▶ **WHAT THE TASK REQUIRES**:
When you reach the line that contains "이미지 경로 : Image", give it back exactly along with each line after it to the end of the entries; skip any pictures.

▶ **PROVIDED DATA**:
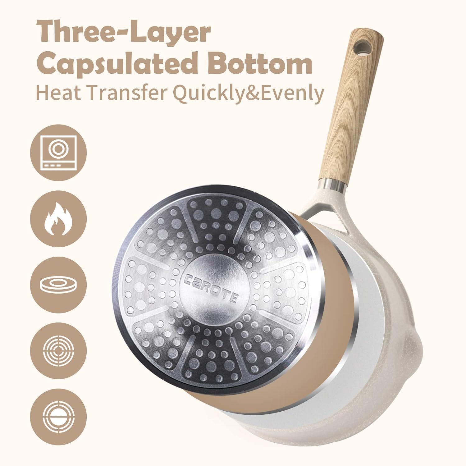 CAROTE Saucepan with Lid, Nonstick Sauce Pot for Induction, Gas and
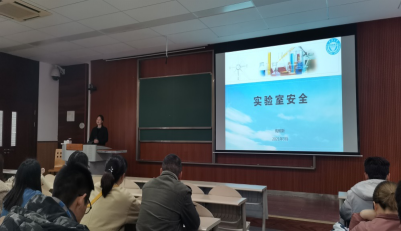 第二项由陶熊新老师主持实验室安全培训会。陶老师介绍了学院实验室安全组织体系、技术安全委员会,又从公共区域和实验室内部介绍了实验室基础设施的情况。讲述了实验室安全准则、化学品安全、设备安全。其中,重点介绍了普通化学品购买流程、易制毒化学品购买流程、爆炸类化学品购买流程,着重强调了购买化学品时,要及时在平台添加使用台账。最后陶老师又从实验室废物日常收集、废物处置、废旧木质箱子处理流程三个方面讲述了废物处置安全。
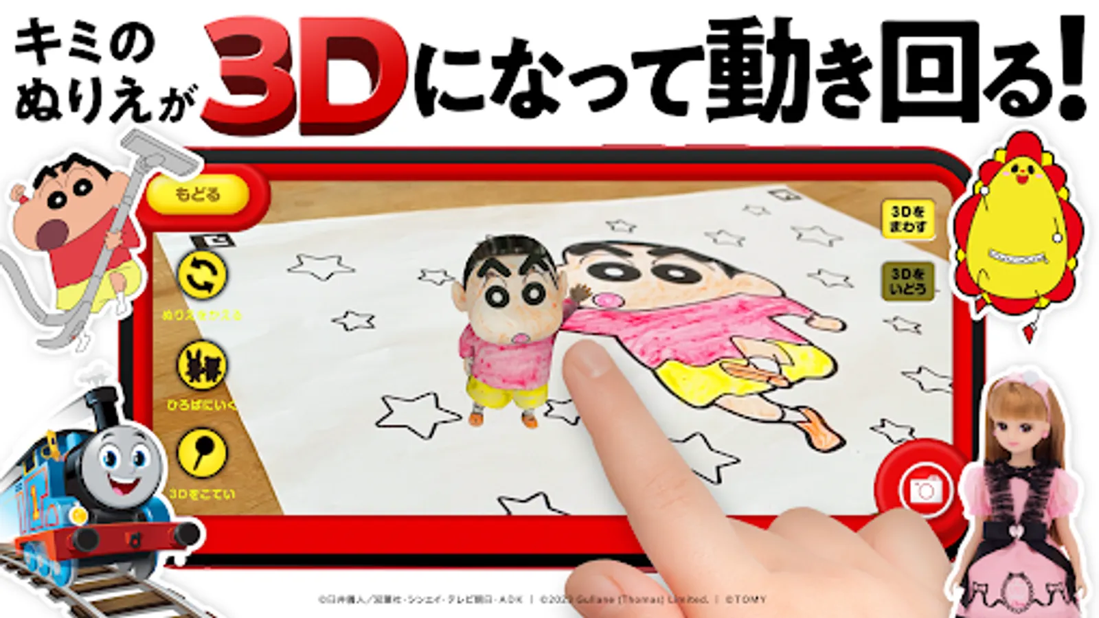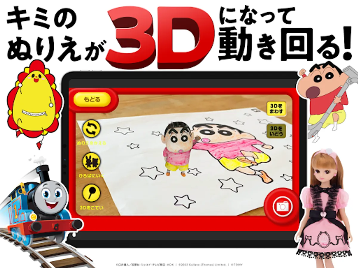 You can enjoy the function to digitally paint the coloring and the function to move the digitally painted coloring in 3D on the terminal.
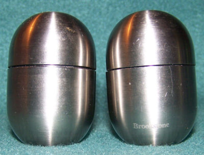 Title (ebay affiliate link): Brookstone ~Salt & Pepper Shakers~Weighted Bottoms~
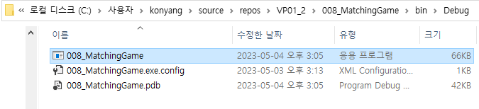 이미지 경로 : Image 폴더는 Debug 폴더 속 실행파일 위(bin) 위(008_MatchingGame) 폴더에 있음
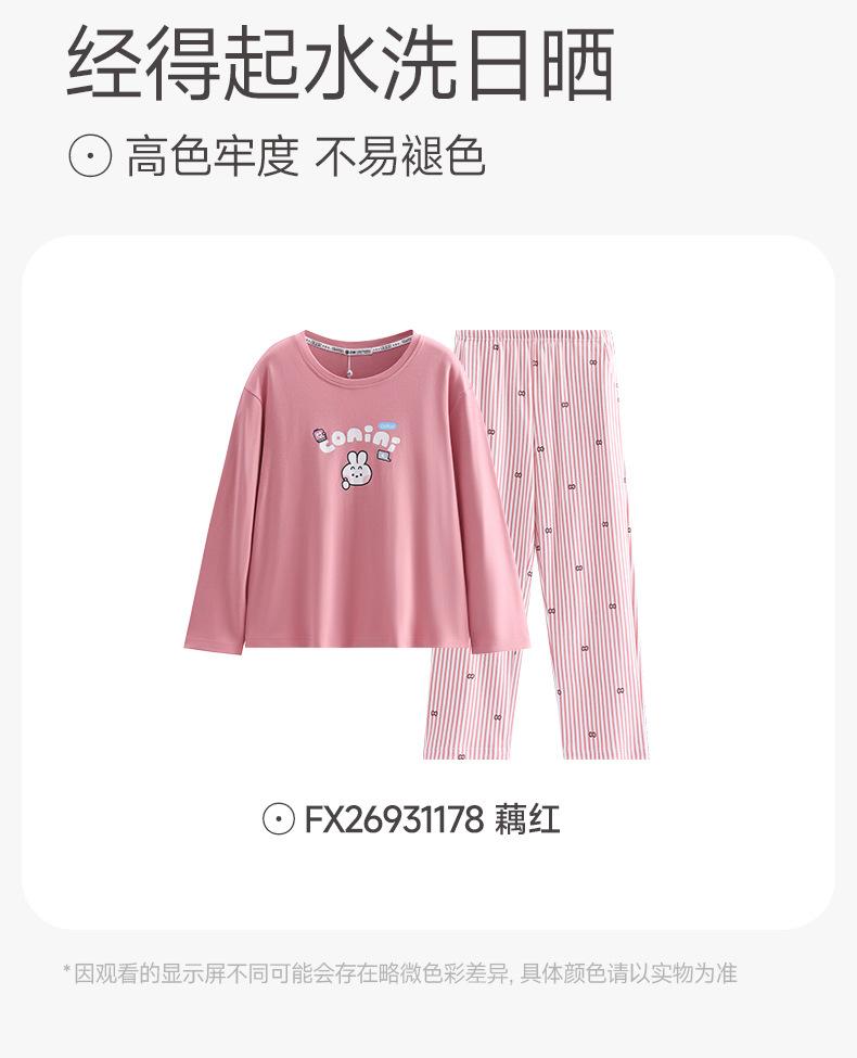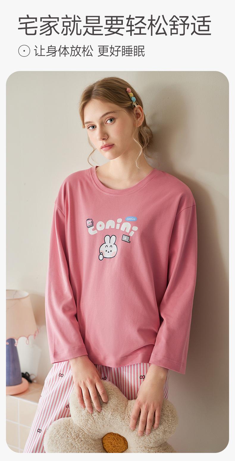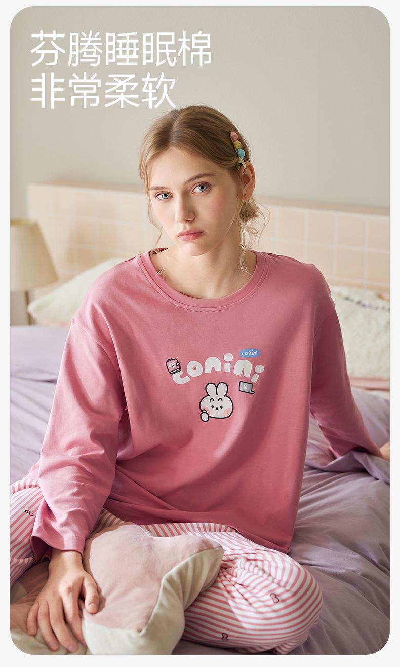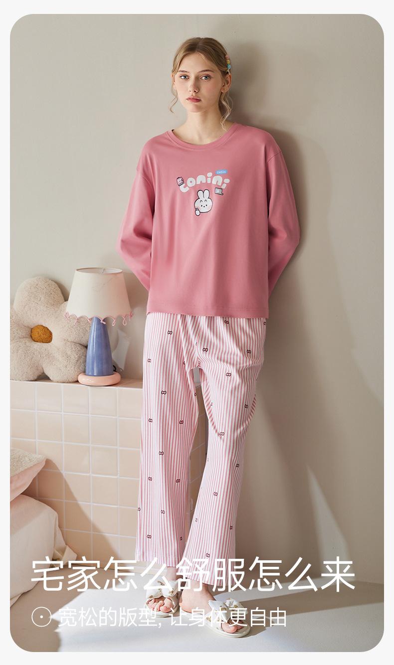 Fenteng [Algodón para Dormir Antiestático] Pijama de Algodón Puro para Mujer Otoño/Primavera Manga Larga Lindo Casual Ropa de Casa para Mujer
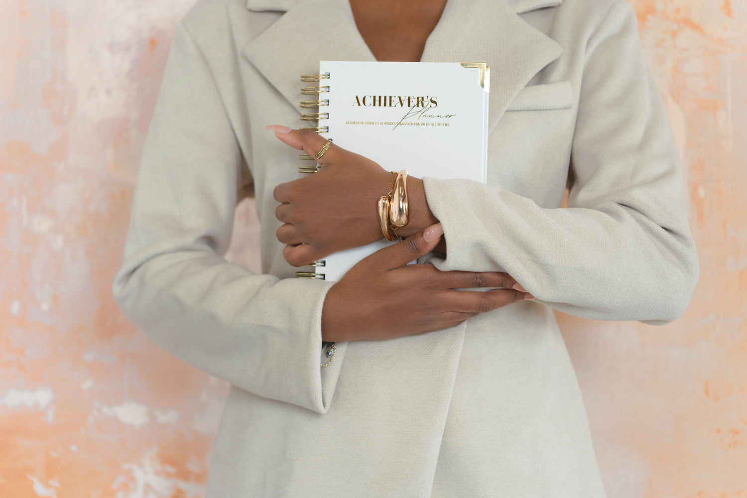 Command attention and take charge with the Leopard Brown planner. Featuring a bold, shiny cover and gold accents, this planner is crafted for those who dare to dream big and make it happen. Your ultimate companion for organizing your life, setting goals, and achieving more in just 12 weeks. Let your ambition shine!

▶ **RESULT**:
 이미지 경로 : Image 폴더는 Debug 폴더 속 실행파일 위(bin) 위(008_MatchingGame) 폴더에 있음
 Fenteng [Algodón para Dormir Antiestático] Pijama de Algodón Puro para Mujer Otoño/Primavera Manga Larga Lindo Casual Ropa de Casa para Mujer
 Command attention and take charge with the Leopard Brown planner. Featuring a bold, shiny cover and gold accents, this planner is crafted for those who dare to dream big and make it happen. Your ultimate companion for organizing your life, setting goals, and achieving more in just 12 weeks. Let your ambition shine!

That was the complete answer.